Preprocessing of pretraining data
Hi, Thanks for open-sourcing such a wonderful work.
Regarding the preprocessing of pretraining data, did you apply this template prompts in ULIP to both the raw texts, blip and msft generated captions, but not the retrieved texts right? As I can tell, in pretraining data, each *.npy file contains embeddings of "original" and "prompt_avg" versions for text_feat, blip_caption_feat, msft_caption_feat, only the retrieval_text_feat does not have "prompt_avg" version.

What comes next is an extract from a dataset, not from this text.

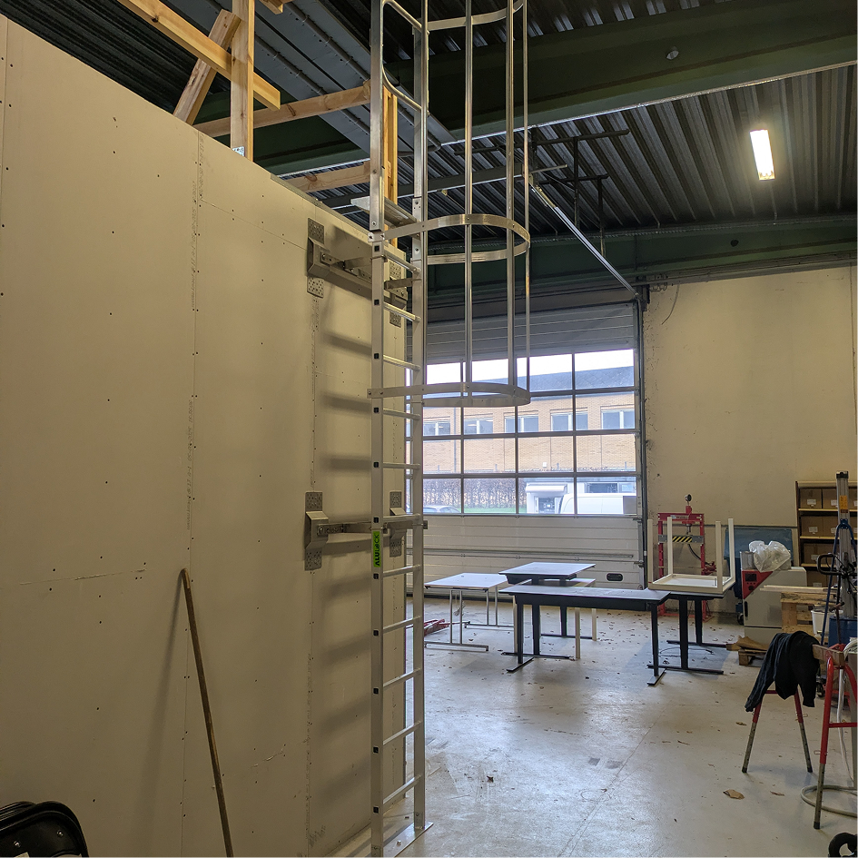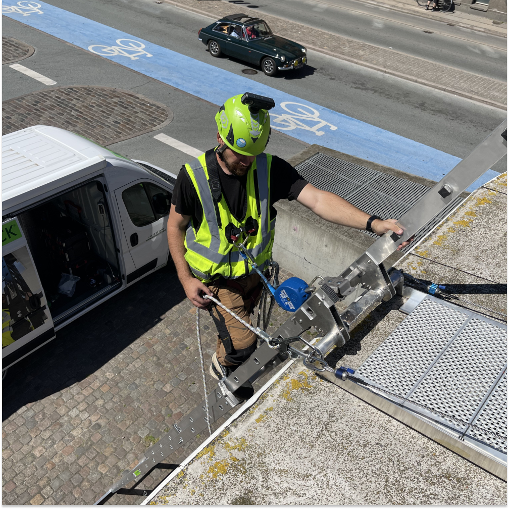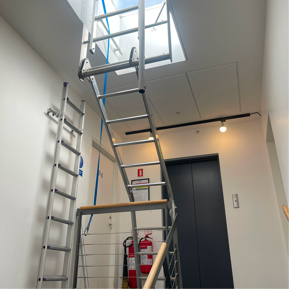 Adgang sker via lejder gennem ovenlys med teleskopisk udstigningsvange, der sikrer en tryg overgang til tagfladen. Rygbøjle er ligeledes tilpasset de faktiske forhold for optimal sikkerhed og funktion.

And could you please give me a hint on where to download the thumbnail images you used to extract the thumbnail feats as the thumbnail images are not included in released pretraining data, only the extracted thumbnail embeddings are available.
If you can provide your full preprocess file to extract text and image embeddings, it would be of great help!
I noticed that for rendered images, there is one extra merged_img.png alongside colors_{0-11}.png, I look into the merged_img.png and it is stitch of all 12 views, is this what you used to extract the thumbnail image feature? But your paper said the thumbnail image is a single view image
The thumbnail images are from the original Objaverse dataset. You should check the meta info from Objaverse dataset.
Hello, could you please provide the captioning script or the instruction prompt you used, is it just "please describe this image in detail"?